Yes, people are already stealing. Someone who worked in a grocery store almost 30 years ago said that 10% of the merchandise was stolen. Can you imagine what the percentage is now? No wonder prices are rising.
February 2, 2019 at 5:59 pm #8745
February 2, 2019 at 6:19 pm #8749
Bit over a decade ago my job put me in about a hundred grocery stores over three states. Some stores were definitely worse than others for theft. One store near the rez in NM, probably lost close to 40% to theft.
Our local Walmart, a 2 million dollar store suffered around $100k in 2014 in theft losses.
Something to think about.
February 2, 2019 at 9:03 pm #8757
What’s rule 7.62 and rule .303?
February 2, 2019 at 10:23 pm #8759
February 3, 2019 at 12:10 am #8765
When DH finally got on board years ago, I made a comment: You know, meat might be a “condiment” in a Post Stuff Hits Fan scenario. He looked at me with horror. We’re carnivores. So there are many ways and means but half or more can fail. Not all your eggs in one basket, indeed!

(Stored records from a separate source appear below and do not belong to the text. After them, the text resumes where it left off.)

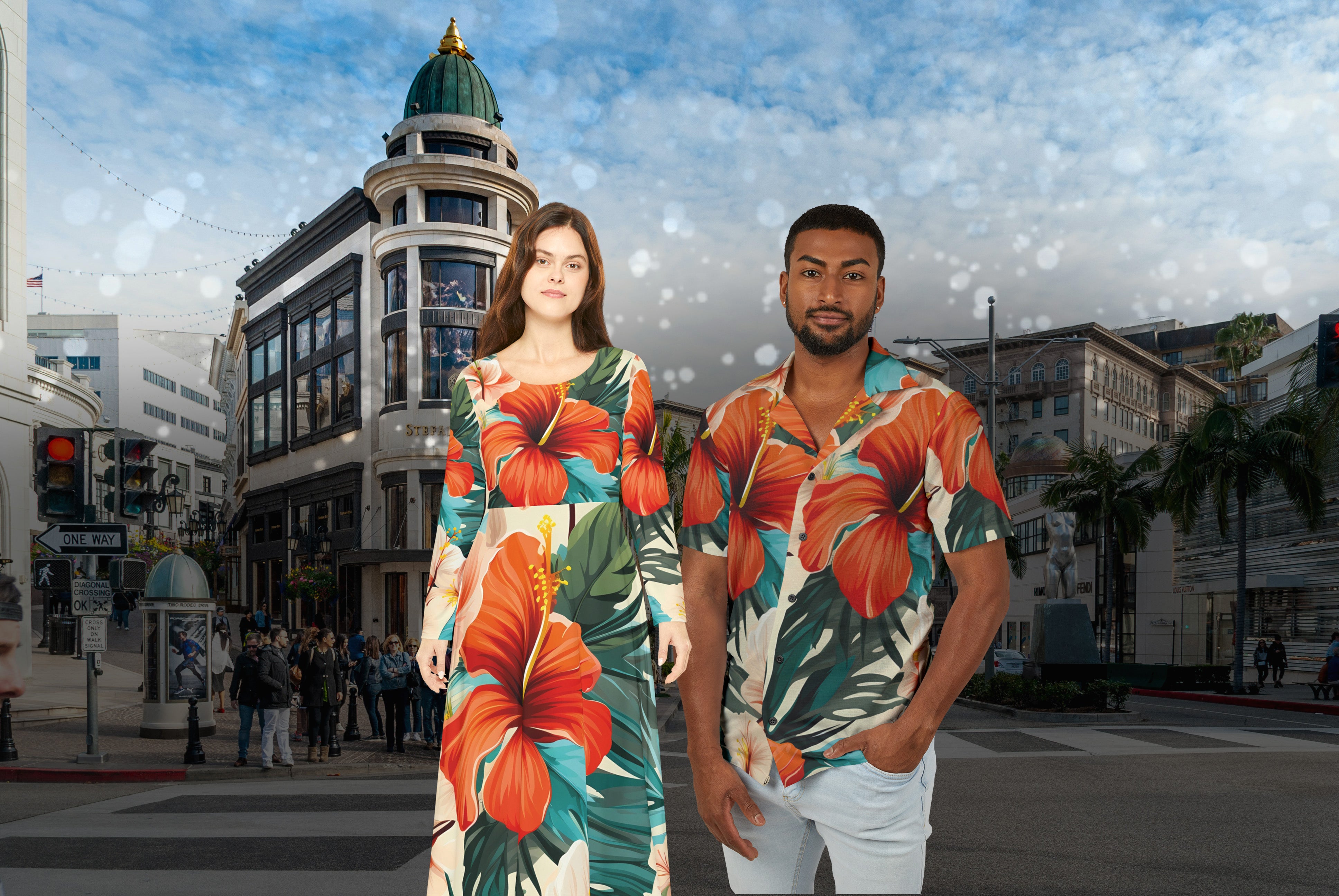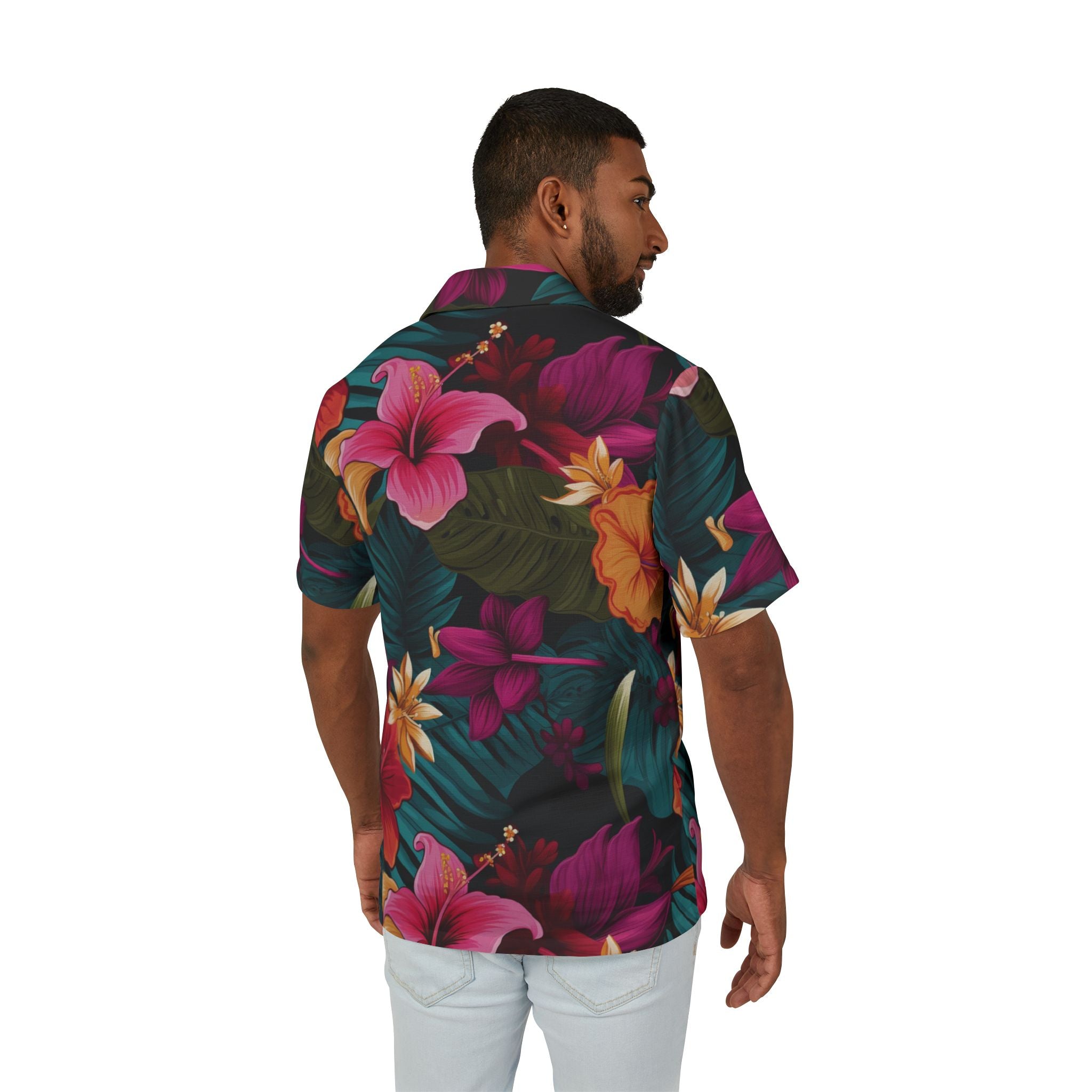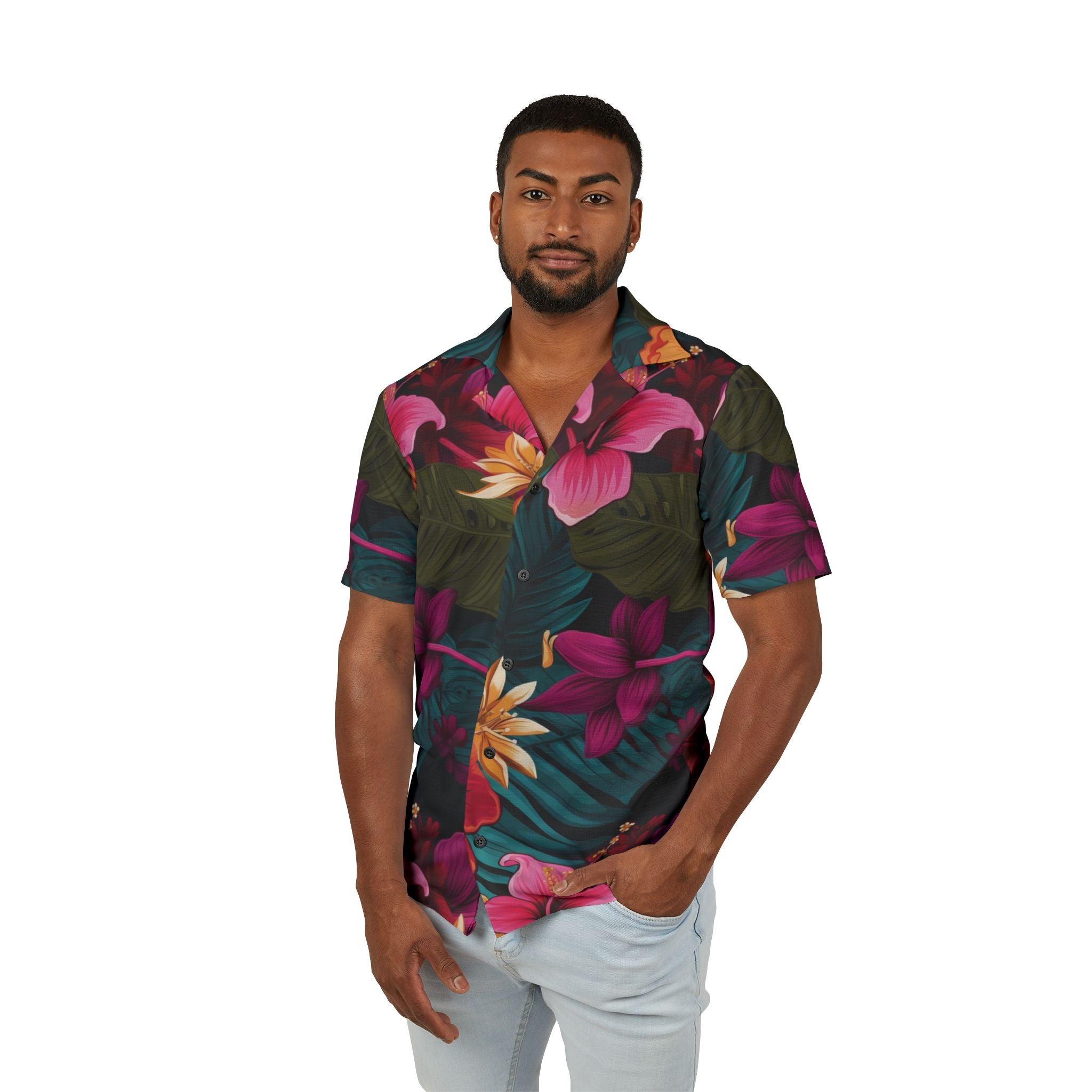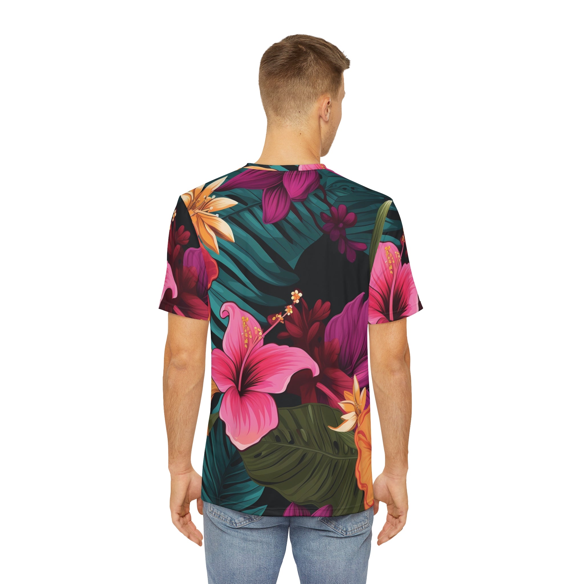 Stylish Unisex Cut & Sew Tee with Tropical Leaf Print.
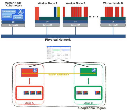 - Per fornire la disponibilità del servizio previsto, i nodi Master vengono replicati in due o tre zone all’interno di una regione geografica
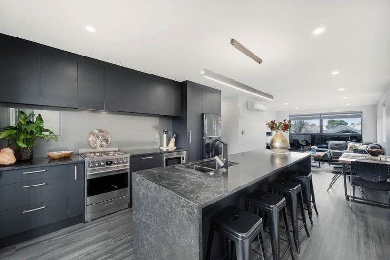 Positioned in a sought-after Royal Oak location, this near-new residence blends contemporary design with everyday practicality, offering space, style, and convenience for modern family living. Featuring approx. 262m² across three levels, the home includes four double bedrooms and four bathrooms (three with ensuites), along with multiple living areas to suit families, extended households, or those who enjoy entertaining. The well-appointed kitchen with butler’s pantry and Bosch appliances flows seamlessly to sun-filled outdoor spaces. Expansive outdoor living includes a generous second-floor balcony plus a near-40m² third-floor deck with elevated reserve views—perfect for relaxation or entertaining. Year-round comfort is assured with ducted heating/air conditioning, bedroom climate control, and the security of a double garage and smart systems. Set on easy-care landscaped grounds, this striking home is just minutes’ walk to Royal Oak Mall, cafés, and everyday amenities, with One Tree Hill Domain and excellent schooling nearby. An exceptional lifestyle opportunity in a prime central location – call today for viewing time.
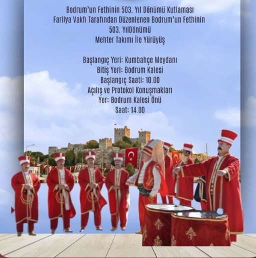 Bodrum’un Osmanlı topraklarına katılışının 503. yıl dönümü, bugün düzenlenecek özel etkinliklerle kutlanıyor. Farilya Vakfı tarafından organize edilen program kapsamında Mehter Takımı yürüyüşü ve protokol konuşmaları gerçekleştirilecek.
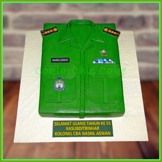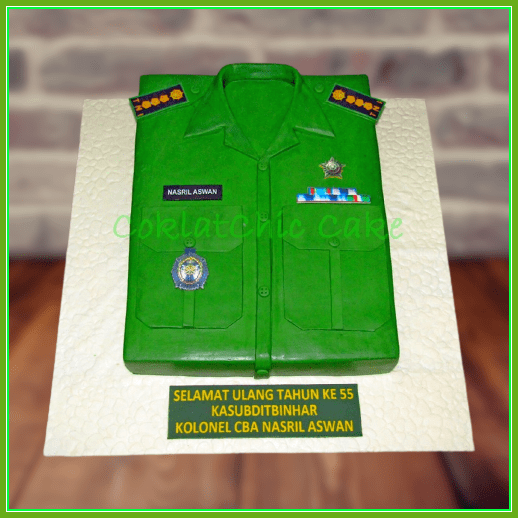 Birthday Cake dengan tema baju tentara, model tersebut mulai ukuran 50 cm, daftar harga kue ulang tahun https://coklatchiccake.com/daftar-harga-2
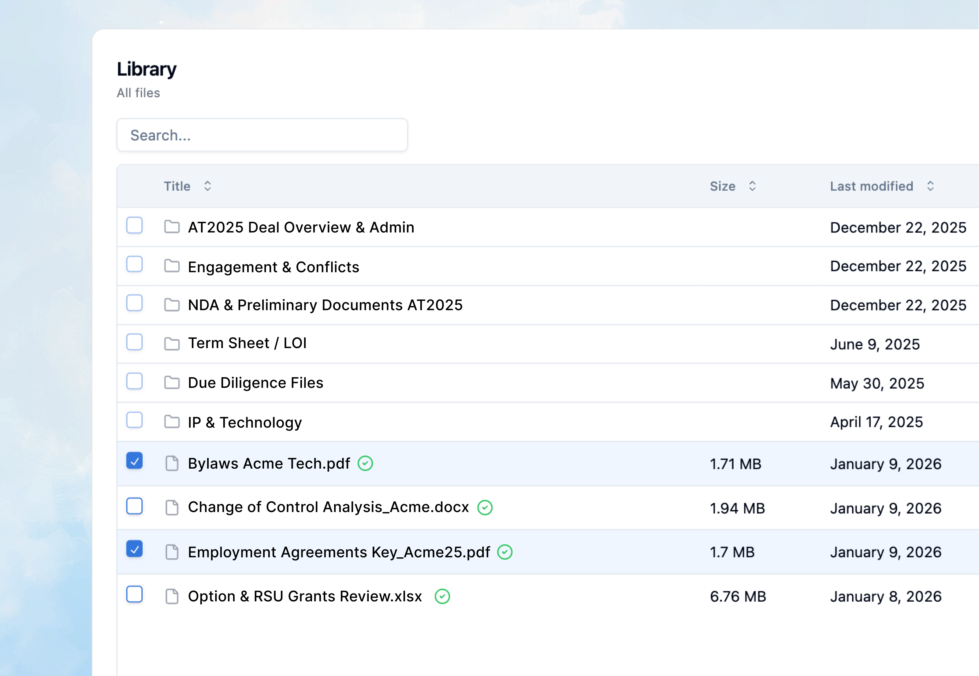 Files sync automatically from connected systems. Library updates continuously as documents are added or modified in source platforms, ensuring institutional knowledge remains current without manual uploads.
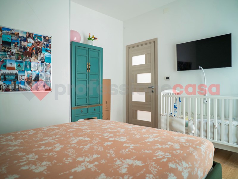 La soluzione si compone di: ingresso, salone living con cucina a vista e doppio punto luce, due camere da letto (di cui una con raffinata cabina armadio), bagno dal design moderno, pratico ripostiglio e balcone terrazzato.
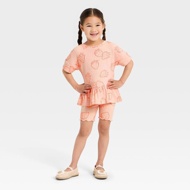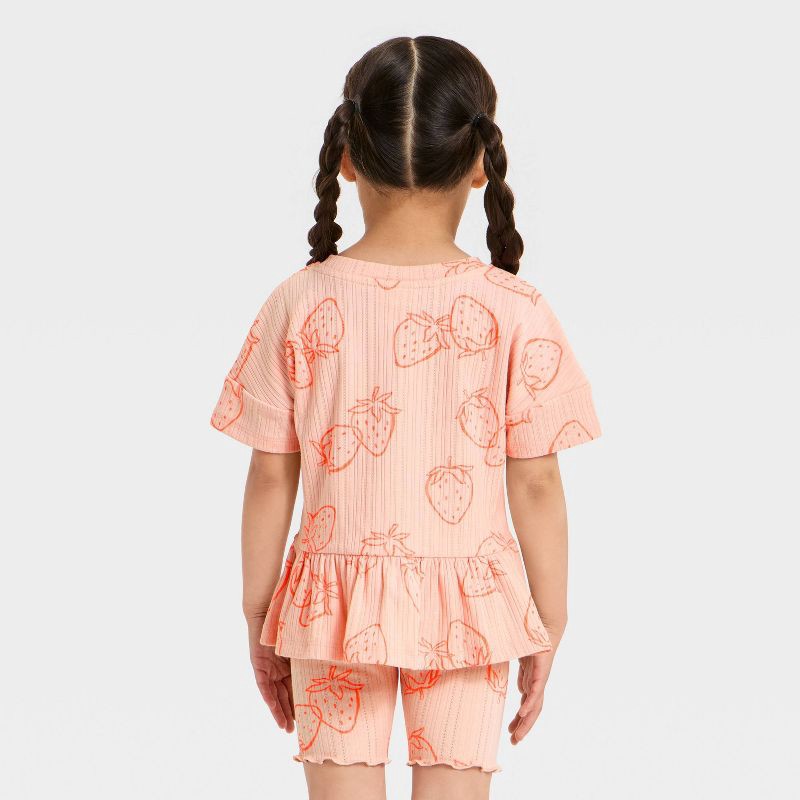 Toddler Girls' Strawberries Pointelle Peplum T-Shirt - Cat & Jack™ Pink 2T

Couple more ideas for carnivores. Rabbits and quail. Both are [mostly] quiet and can be kept indoors with fastidious cage cleaning [which is good compost material]. Easier to hide than a Hereford or even a goat. Goats, chickens/ducks are NOISY.
OldMtWoman ….a little of this way and a little of that way…and keeping all of it quiet!
February 3, 2019 at 12:27 am #8766
OldMTWoman- your remark about meat being a condiment and your dh’s reaction hit my funny bone. Too bad it might be all too true. I knew one person who shot and ate the intruder in her garden- a groundhog.